Subject: RE: [Histonet] Trichrome staining and fibrin
To: "Bryan Hewlett" , Timo V?is?nen
,
Message-ID:
Content-Type: text/plain; charset="iso-8859-1"
Well, that's telling me:-)
All these years, the success I've had with primary mercury fixation (I had the original article once), and lack of success with anything other was entirely due to something else, the techs washing too much in one instance and little enough in another.

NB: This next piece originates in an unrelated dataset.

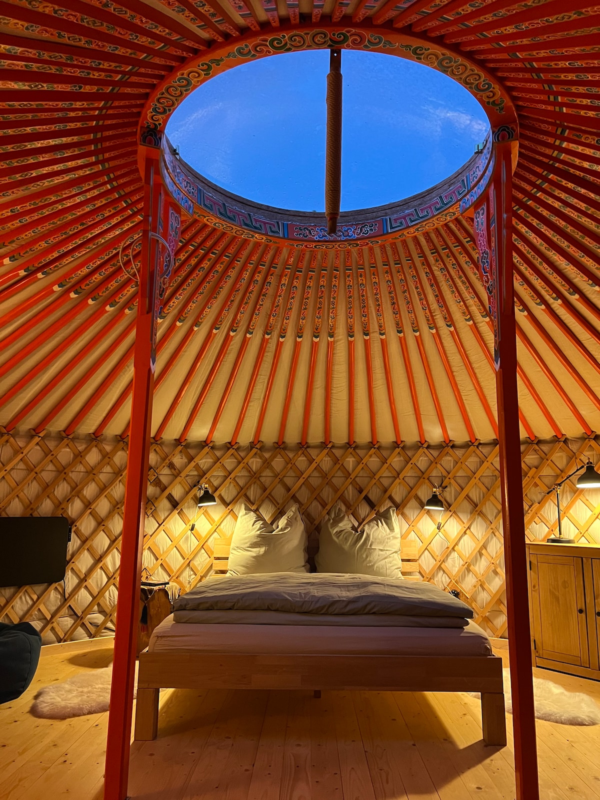 Herzlich willkommen im Ferienidyll am Waldrand. Die Unterkunft befindet sich auf unserem Grundstück, inmitten der einmaligen Natur der Mecklenburgischen Schweiz. Eingebettet in die hügelige Landschaft findet Ihr hier Erholung pur. Das Gebäudeensemble besteht aus einer großen Schlaf- und Wohnjurte und einem Häuschen, in dem sich die vollausgestattete Küche und das Bad mit warmem Wasser befinden. Genießt die Momente in der Sauna, am Teich, am Lagerfeuer, auf der Hängematte oder im Blumengarten.

Who would have thought it.
However it may explain my observation that "At times it works and at times not."
Actually, the only time you can be confident that you are looking at fibrin, is when it is in strands - easily recognised in H&E.

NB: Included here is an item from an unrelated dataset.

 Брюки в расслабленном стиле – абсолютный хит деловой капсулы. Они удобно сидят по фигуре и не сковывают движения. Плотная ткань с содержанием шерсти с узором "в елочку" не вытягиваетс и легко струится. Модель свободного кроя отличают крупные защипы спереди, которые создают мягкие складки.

To call anything else fibrin on any tinctorial stain is something akin to a leap of faith.
But - I'll get you back re. your "bees can't fly" thing.
Take this/that: :-)
The "science has proved that bees can't fly" urban myth originated in a 1934 book by entomologist Antoine Magnan, who discussed a mathematical equation by Andre Sainte-Lague, an engineer. The equation proved that the maximum lift for an aircraft's wings could not be achieved at equivalent speeds of a bee. I.e., an airplane the size of a bee, moving as slowly as a bee, could not fly. Although this did not mean a bee can't fly (which after all does not have stationary wings like the posited teensy aircraft), nevertheless the idea that Magnan's book said bees oughtn't be able to fly began to spread.

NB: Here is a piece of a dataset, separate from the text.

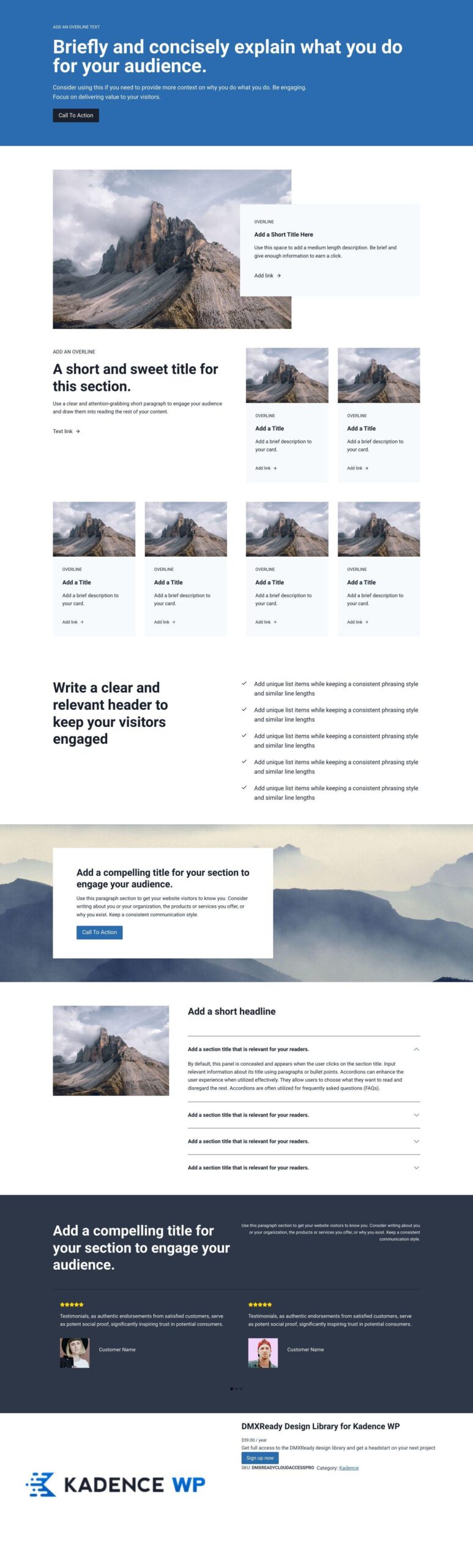 DMXReady’s design library is specifically tailored for Kadence WP, a renowned WordPress theme celebrated for its adaptability and ease of use. Our aim at DMXReady is to equip you with all the necessary tools and resources to build an attractive, effective, and efficient website using WordPress, Woocommerce, and Kadence WP. See Live Preview.

Dr Terry L Marshall, B.A.(Law), M.B.,Ch.B.,F.R.C.Path
Consultant Pathologist
Rotherham General Hospital
South Yorkshire
England
terry.marshall <@t> rothgen.nhs.uk
-----Original Message-----
From: Bryan Hewlett [mailto:bhewlett <@t> cogeco.ca]
Sent: 13 June 2006 17:14
To: Marshall Terry Dr, Consultant Histopathologist; Timo Väisänen;
histonet <@t> lists.utsouthwestern.edu
Subject: Re: [Histonet] Trichrome staining and fibrin
Terry,
Actually NOT!
True, Lendrum's original papers(1962) recommended fixation in picro-mercuric
alcohol for 3 weeks (a tad unnecessary that!).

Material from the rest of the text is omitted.